*** Opening of Task inputs ***
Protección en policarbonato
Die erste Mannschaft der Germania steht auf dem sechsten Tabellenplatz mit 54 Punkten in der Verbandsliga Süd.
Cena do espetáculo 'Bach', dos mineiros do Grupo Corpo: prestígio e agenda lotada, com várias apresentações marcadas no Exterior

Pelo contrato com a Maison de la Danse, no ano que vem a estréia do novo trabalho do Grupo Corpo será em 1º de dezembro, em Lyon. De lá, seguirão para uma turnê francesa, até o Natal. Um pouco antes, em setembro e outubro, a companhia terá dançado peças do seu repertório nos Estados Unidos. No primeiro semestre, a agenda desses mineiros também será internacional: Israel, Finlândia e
*** Close of Task inputs ***
*** Opening of Task inputs ***
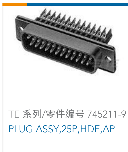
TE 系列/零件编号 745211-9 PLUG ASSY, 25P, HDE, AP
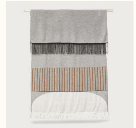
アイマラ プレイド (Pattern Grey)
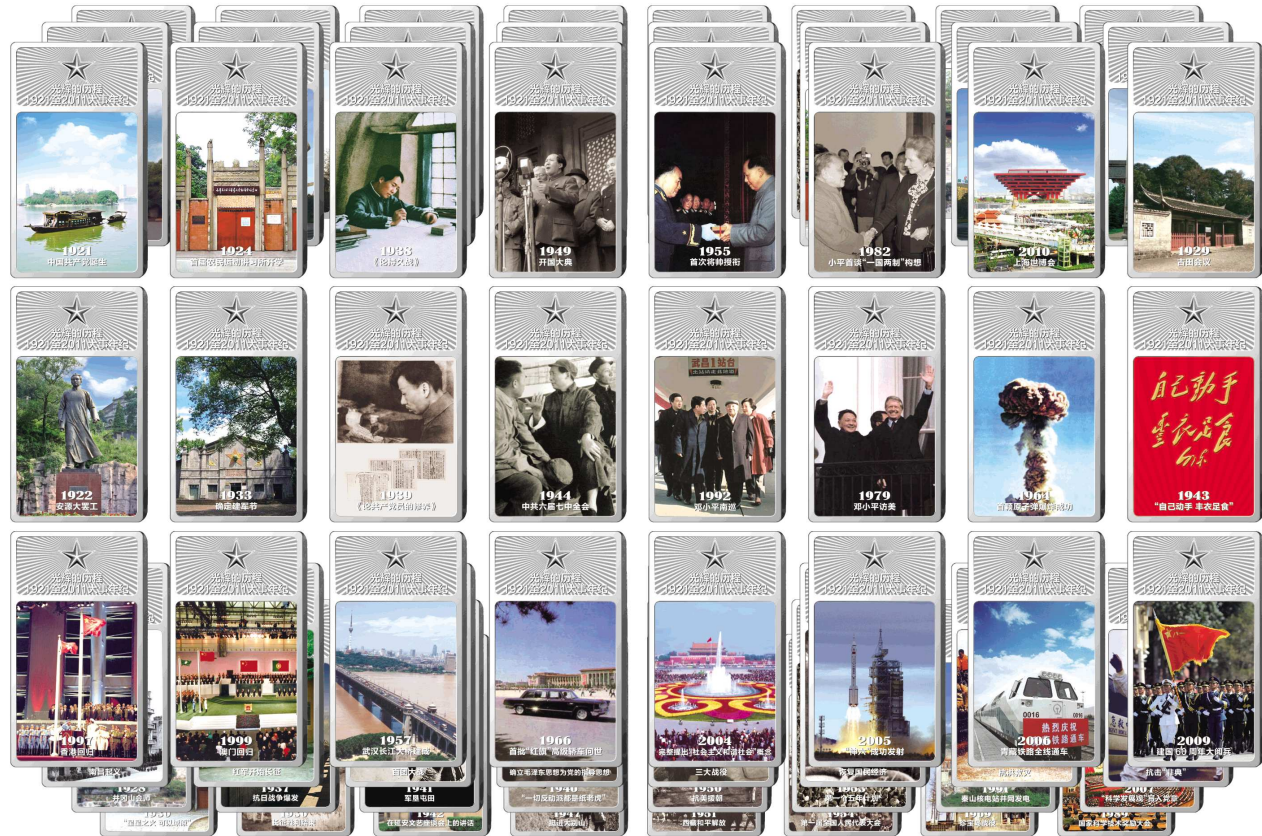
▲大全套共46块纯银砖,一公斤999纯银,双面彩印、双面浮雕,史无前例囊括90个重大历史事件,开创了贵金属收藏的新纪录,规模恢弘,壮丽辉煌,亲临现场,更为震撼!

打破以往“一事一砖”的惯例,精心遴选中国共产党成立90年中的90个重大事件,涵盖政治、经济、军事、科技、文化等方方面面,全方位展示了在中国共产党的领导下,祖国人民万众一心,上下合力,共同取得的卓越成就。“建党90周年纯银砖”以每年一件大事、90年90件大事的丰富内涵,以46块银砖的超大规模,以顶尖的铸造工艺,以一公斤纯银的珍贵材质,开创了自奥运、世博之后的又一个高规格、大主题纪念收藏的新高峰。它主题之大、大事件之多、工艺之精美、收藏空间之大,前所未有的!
*** Close of Task inputs ***
**Assignment:**
Starting at the line that has "Cena do espetáculo" and ending at the line that has "Pelo contrato com", please write out the lines above exactly, leaving out all others.

**Answer box:**
Cena do espetáculo 'Bach', dos mineiros do Grupo Corpo: prestígio e agenda lotada, com várias apresentações marcadas no Exterior

Pelo contrato com a Maison de la Danse, no ano que vem a estréia do novo trabalho do Grupo Corpo será em 1º de dezembro, em Lyon. De lá, seguirão para uma turnê francesa, até o Natal. Um pouco antes, em setembro e outubro, a companhia terá dançado peças do seu repertório nos Estados Unidos. No primeiro semestre, a agenda desses mineiros também será internacional: Israel, Finlândia e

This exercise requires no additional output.